Le dernier dirigeant de l’Union soviétique, Mikhaïl Gorbatchev, est décédé mardi à l’âge de 91 ans en Russie, a annoncé un hôpital de Moscou, cité par les agences de presse russes.
“Ce soir (mardi), après une longue maladie grave, Mikhaïl Sergueïevitch Gorbatchev est décédé”, a annoncé le Central Clinical Hospital (CHC), dépendant de la présidence russe.
Prix Nobel de la paix en 1990 pour son rôle dans la fin de l’affrontement Est-Ouest du siècle dernier, Mikhaïl Gorbatchev a passé les 20 dernières années à se retirer de la politique tout en haussant régulièrement la voix, inquiet de nouvelles tensions avec Washington.
Il a régulièrement exhorté le Kremlin et la Maison Blanche à se parler, à se rencontrer et à parvenir à un accord pour assurer la sécurité mondiale et réduire leurs arsenaux, comme il l’avait fait dans les années 1980 avec le président américain de l’époque, Ronald Reagan.
Mikhaïl Gorbatchev était le dernier dirigeant vivant de l’ère de la guerre froide, une période dont les échos se font particulièrement sentir depuis l’offensive à grande échelle de l’actuel président russe Vladimir Poutine en Ukraine qui a débuté le 24 février.
Avant sa mort, Mikhaïl Gorbatchev n’avait pas parlé publiquement de ce conflit d’une violence sans précédent dans l’Europe de l’après-Seconde Guerre mondiale, dénoncé en Occident comme une résurgence de l’impérialisme russe.
Ces dernières semaines, les médias russes ont évoqué des problèmes de santé récurrents de l’ancien dirigeant.
Très respecté à l’étranger, M. Gorbatchev a régulièrement reçu les éloges de personnalités du monde entier, comme en mars 2021, à l’occasion de son 90e anniversaire, lorsque le président américain Joe Biden ou la chancelière allemande Angela Merkel se sont souvenus de le féliciter.
En Russie, en revanche, après la disparition de l’URSS en 1991, il est resté une figure ambivalente.
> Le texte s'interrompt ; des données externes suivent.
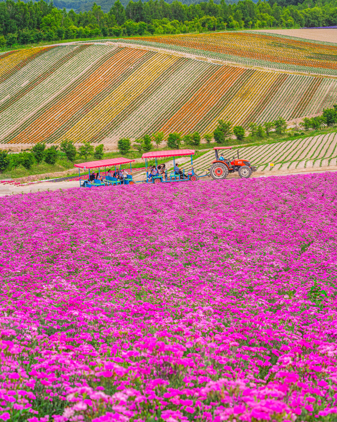 丘の上から眺めると、赤・黄・紫・ピンクと、まるで虹色のカーペットが広がっているかのような絶景をご覧いただけます。
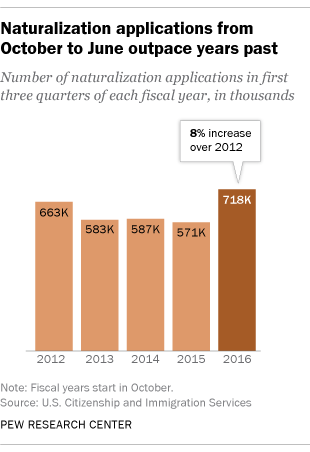 The number of legal permanent residents applying for U.S. citizenship in the nine months starting last October is at its highest level in four years, and it is up 8% from the same period before the 2012 elections. Although some organizers of naturalization and voter registration drives have suggested the increase is a reaction to Donald Trump’s candidacy, a Pew Research Center analysis of naturalization data shows there have been much larger percentage increases in past years, with jumps not always coming during election years.
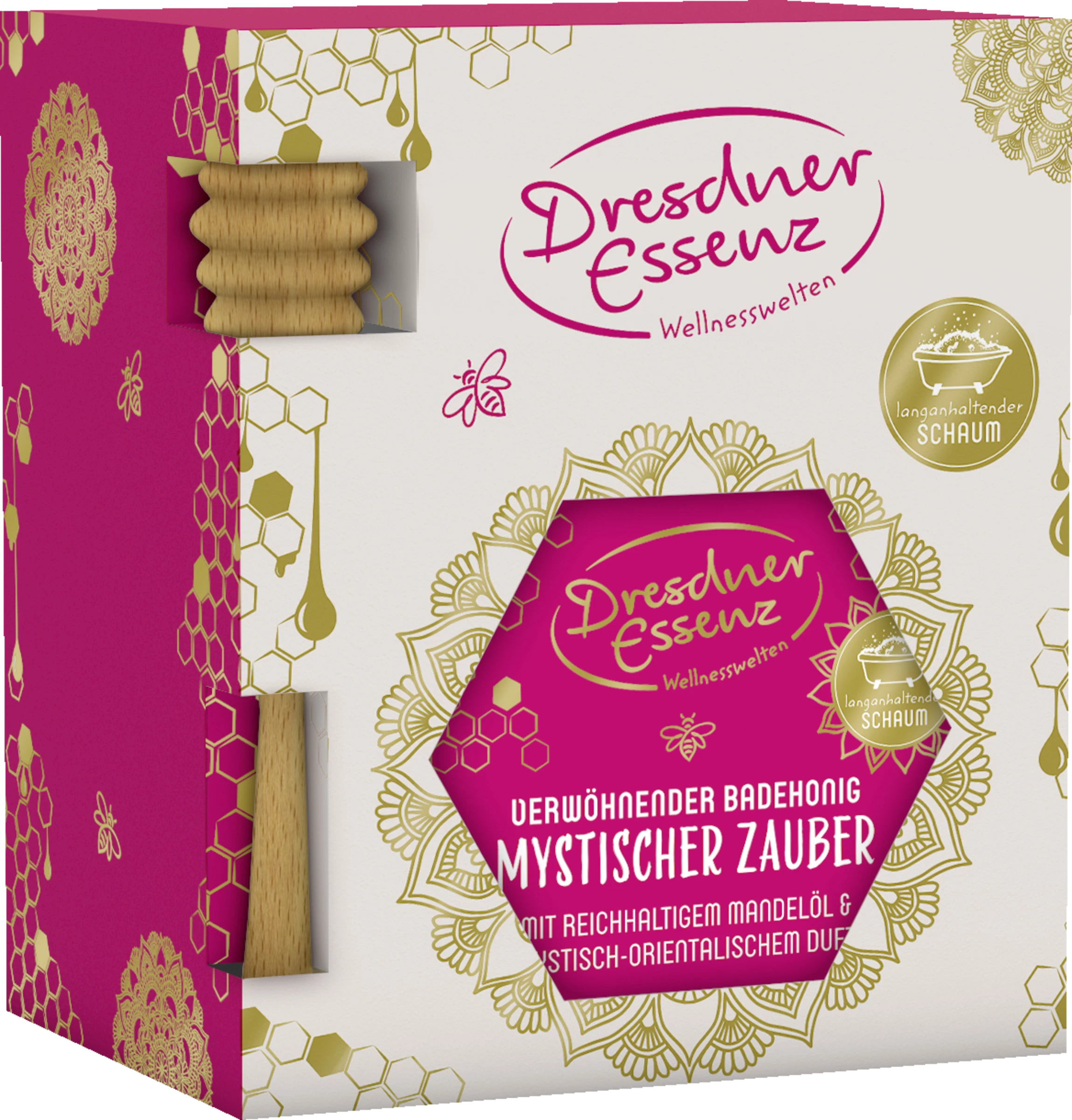 Schwelgen Sie mit dem Badehonig MYSTISCHER ZAUBER in purem Luxus. Die reichhaltig-cremige Textur macht das Baden zu einem ganz besonderen Erlebnis. Eine hochwertige Rezeptur mit reichhaltigem Mandelöl, pflegendem Honig und Weizenprotein verleiht ein gepflegtes Hautgefühl. Der sinnliche, orientalisch anmutende Duft wirkt beruhigend und harmonisierend auf Körper und Geist.

S’il est celui qui a donné une chance à la liberté d’expression, il a été en grande partie responsable de l’effondrement d’une superpuissance et des terribles années de choc économique qui ont suivi – une humiliation.
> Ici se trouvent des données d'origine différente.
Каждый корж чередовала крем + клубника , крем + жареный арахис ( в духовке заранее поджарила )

Pendant son règne entre 1985 et 1991, Mikhaïl Gorbatchev a mené d’importantes réformes démocratiques connues sous le nom de « perestroïka » (restructuration) et de « glasnost » (transparence), qui lui ont valu une énorme popularité en Occident.
En 1990, il a reçu le prix Nobel de la paix pour « la fin pacifique de la guerre froide ». C’est aussi lui qui a ordonné la fin de la désastreuse campagne militaire soviétique en Afghanistan et laissé tomber le mur de Berlin.
Les années qui ont suivi l’effondrement de l’URSS restent traumatisantes pour de nombreux Russes, plongés dans une pauvreté aveuglante, confrontés au chaos politique et à une guerre sanglante en Tchétchénie.
Avec l’arrivée au pouvoir en 2000 de Vladimir Poutine, qui disait considérer la disparition de l’URSS comme la “plus grande catastrophe géopolitique” du XXe siècle, l’Etat a mis la société au pas tout en assurant le retour de la Russie sur la scène internationale.
Pour Mikhaïl Gorbatchev, les relations avec les nouveaux maîtres du Kremlin ont toujours été compliquées, qu’il s’agisse du premier président russe Boris Eltsine (1991-1999), son ennemi juré, ou de Vladimir Poutine, qu’il critiquait, voyant en lui une chance de le développement stable de la Russie.
Après une brève tentative infructueuse de retour à la politique dans les années 1990, M. Gorbatchev s’est entièrement consacré à des projets éducatifs et humanitaires. Il a également été l’un des premiers partisans du principal journal d’opposition russe, Novaya Gazeta.
Né dans le sud-ouest de la Russie en 1931, Mikhaïl Gorbatchev a passé une partie de la pandémie de Covid-19 dans un hôpital russe, se disant, comme beaucoup de ses compatriotes, “fatigué de tout”.